Lirik lagu “Ibu Kita Kartini” yang sering kita dengar saat peringatan Hari Kartini mungkin menggambarkan semangat juangnya, namun realitasnya masih jauh dari ideal.

Pandangan tradisional yang memosisikan laki-laki sebagai pencari nafkah utama masih mendominasi, sementara perempuan meskipun berpendidikan tinggi, seringkali memilih untuk tidak bekerja atau hanya bekerja paruh waktu demi mengurus keluarga.

Fenomena ini tidak hanya terjadi di Indonesia, tetapi juga di berbagai negara lain yang memiliki pandangan serupa.

Pandangan bahwa laki-laki adalah “first breadwinner” atau pencari nafkah utama, seperti yang diungkapkan oleh Janssens (1997) dan Sear (2021), masih kuat mempengaruhi keputusan perempuan untuk berpartisipasi di dunia kerja.

Seringkali, perempuan baru akan bekerja jika kondisi ekonomi keluarga menuntutnya, dan bahkan jika mereka bekerja, mereka lebih sering berada di sektor informal yang memberikan upah lebih rendah dan jaminan kerja yang minim.

Perempuan yang bekerja di sektor informal sering kali terjebak dalam lingkaran kemiskinan yang sulit untuk diatasi. Mereka bekerja keras, namun tanpa perlindungan hukum dan akses yang memadai terhadap pendidikan dan pelatihan, kondisi mereka tidak banyak berubah.

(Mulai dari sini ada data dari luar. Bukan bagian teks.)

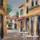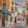 This wallpaper captures a quiet Parisian street with a charming patisserie under a bright red awning. White café chairs and small round tables with flowers add a romantic, nostalgic touch along the cobblestone walkway. Warm earthy tones and saffron-orange shades dominate the scene, softened by surrounding greenery and pastel buildings. In the distance, a calm river and arched bridge complete the dreamy atmosphere. Ideal for living rooms, kitchens, dining areas, or cafés, this artistic mural brings a tranquil and inviting mood to any space through its soft colours and nostalgic cityscape.

Salah satu contoh adalah Siti, seorang buruh tani di Jawa Tengah, yang meskipun bekerja keras setiap hari, penghasilannya masih jauh dari cukup untuk memenuhi kebutuhan keluarganya. Cerita seperti ini tidaklah langka di Indonesia, di mana banyak perempuan menghadapi tantangan serupa di sektor-sektor informal lainnya.